En el pasillo sumido en la oscuridad, la voz de Cheng Qing resonó de repente, lentamente.

Lossie ya había llegado a lo alto de la escalera cuando oyó la voz de Cheng Qing y se detuvo.

En la oscuridad, Cheng Qing se giró para mirarla, y solo la luz que entraba por la puerta la iluminaba a ella y a su cuerpo.

Lentamente dijo: "No tengo el valor de aceptar ir contigo sabiendo que podría morir".

Losi parpadeó, aparentemente sin comprender.

¿Moriré?

"tú……"

Tras pronunciar una sola palabra, Losi comprendió de repente su significado. El color desapareció de su rostro al instante, y el mundo ante sus ojos perdió su color.

Solo Cheng Qing, de pie junto a la puerta del dormitorio, seguía luciendo radiante.

“Tú…” Los labios de Losi temblaron, y antes de que pudiera terminar de hablar, sus piernas cedieron y se arrodilló.

El dolor de haber caído al suelo era paralizante; apenas podía pensar.

Cheng Qing parpadeó y rápidamente dio un paso al frente para ayudarla: "¿Luo Xi?"

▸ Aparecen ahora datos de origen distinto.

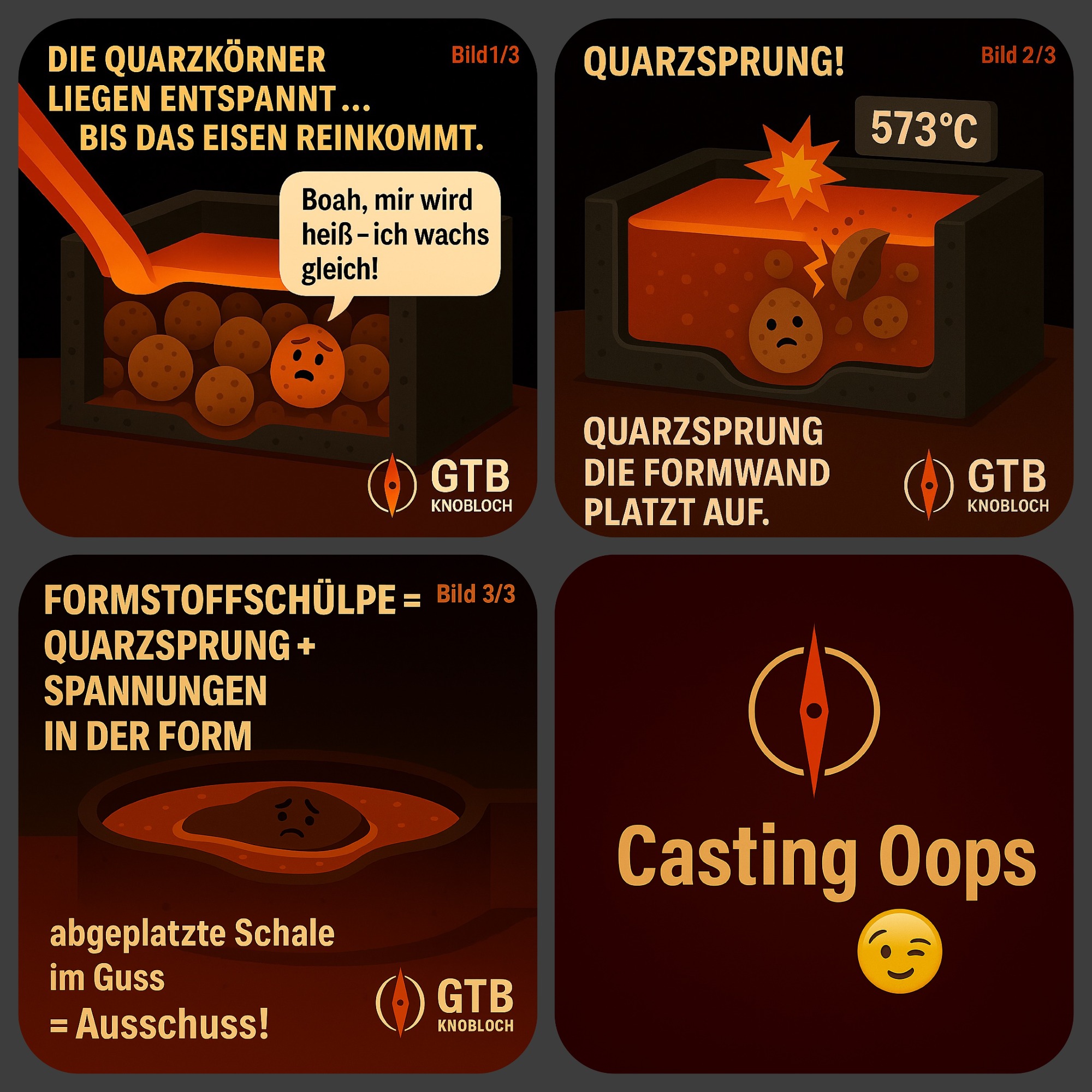 Kurze technische Skizzen aus 34 Jahren Gießereipraxis – typische Fehlerbilder, Phänomene und kleine „Oops-Momente“.

"Eh, yo... yo... no, tú..." Losi tartamudeó, con los ojos enrojecidos y las lágrimas corriendo por su rostro. Gritó desesperada: "Eh, yo... no lo sé, lo siento... uh-uh~"

Cheng Qing: "?"

Entonces, al comprender lo que quería decir, Cheng Qing le dio una palmadita en la cabeza y dijo: "No, no estoy enferma".

"¿Ah?"

El llanto cesó de repente.

Cheng Qing dijo con seriedad: "Solo estaba dando una analogía..."

La tristeza en el rostro de Losi aún no se había desvanecido, y la desesperación en su corazón persistía. Repasó mentalmente las palabras de Cheng Qing tres veces antes de comprender su significado.

Ella se burló y le dio una bofetada en la cara.

Con una voz llena de vergüenza y rabia que podía sacudir la casa y resonar por todo el mundo, rugió: "¡¿Ah, sí?! ¡¡¡Entonces muere ahora!!!"

Tras decir eso, bajó corriendo las escaleras y se marchó corriendo.

Cheng Qing se cubrió el rostro y se puso de pie, diciéndole: "No, Luo Xi, aún no he terminado".

"¡No voy a escuchar! ¡Vete al infierno!"

Cheng Qing: "..."

Nota del autor:

Por ahora no leo los comentarios, ¡los revisaré en unos días! Me temo que afectarán mi escritura.

¡¡¡Antes que nada, gracias por su apoyo!!! (^-^)V

Capítulo 138

Cheng Qing respiró hondo y se tocó la cara abofeteada, sintiéndose algo impotente.

Se merecía la bofetada, ¡pero al menos déjenla terminar lo que estaba diciendo! Finalmente había reunido el valor suficiente.

Al ver que Luo Xi estaba tan enfadada que no tenía intención de dar marcha atrás, Cheng Qing no tuvo más remedio que seguirla.